Objective: Besides its effects as a neurotransmitter, dopamine also influences the immune system. In the neurological context, it has already been described that the dopaminergic pathway shows sex-specific differences regarding dopamine release and dopamine receptor expression. However, whether dopamine affects the peripheral immune system in a sex-specific manner has little been studied yet. Gaining knowledge in this area could be beneficial for the treatment of immune system defects like autoimmune diseases.
Methods: Blood was collected from healthy men and women (n=12) and PBMCs were isolated. In vitro stimulations of mixed PBMCs were performed using a D₁- or D₂-like agonist together with CpG ODN2006. After 24h of stimulation, activation marker expression was analysed via flow cytometry and cytokine secretion via Legendplex. All subjects gave written consent to the study.
Results: Dopaminergic stimulation together with B cell-specific activator CpG ODN2006 increases CD71 and decreases HLA-DR expression on B cells from both women and men pointing to a B cell activation, but with reduced ability of antigen presentation in both sexes. Meanwhile, monocytes from women show increased activation via upregulation of CD86 and HLA-DR while downregulated activation marker expression is observed in men. These findings are consistent with cytokine secretion: IL1b, MCP1, IL6 and IL18 are upregulated via dopaminergic stimulation in women and downregulated in men.

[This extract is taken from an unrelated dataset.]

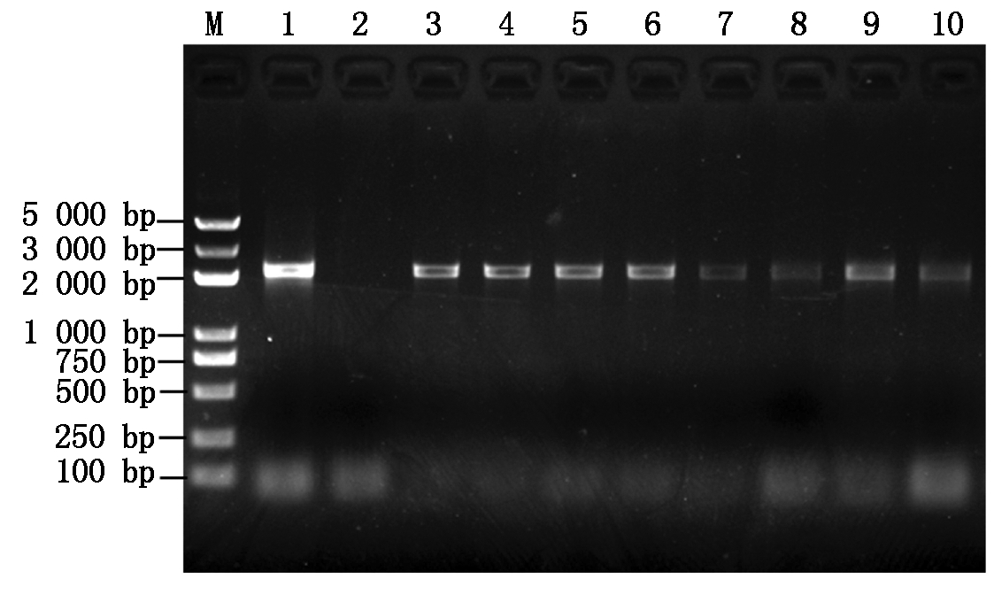 (阳性对照);2.野生型拟南芥(阴性对照);3-10.转基因拟南芥。
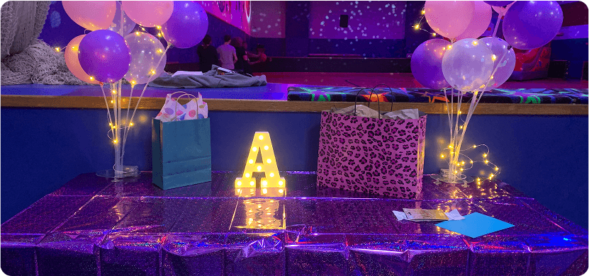 When you arrive, you and your guests will check in at the front office and be guided to your designated table by a Party Server. Your first 45 minutes will be free to get situated and begin to skate. Drinks will be served about halfway through your booking along with any food you purchased in time for you and your guests to sing happy birthday, eat cake, and open gifts!

Conclusion: While dopaminergic stimulation of mixed PBMCs shifts the B cells to an activated state for both sexes, monocytes show proinflammatory responses in women and antiinflammatory responses in men. Thus, sex should be considered as an influencing factor in the context of neuro-immune interactions. Whether the observed sex-specific response of monocytes is indirectly controlled by interaction with activated B cells or by dopamine alone must be analysed in further studies. The underlying mechanism causing these sex-specific differences also remains to be clarified.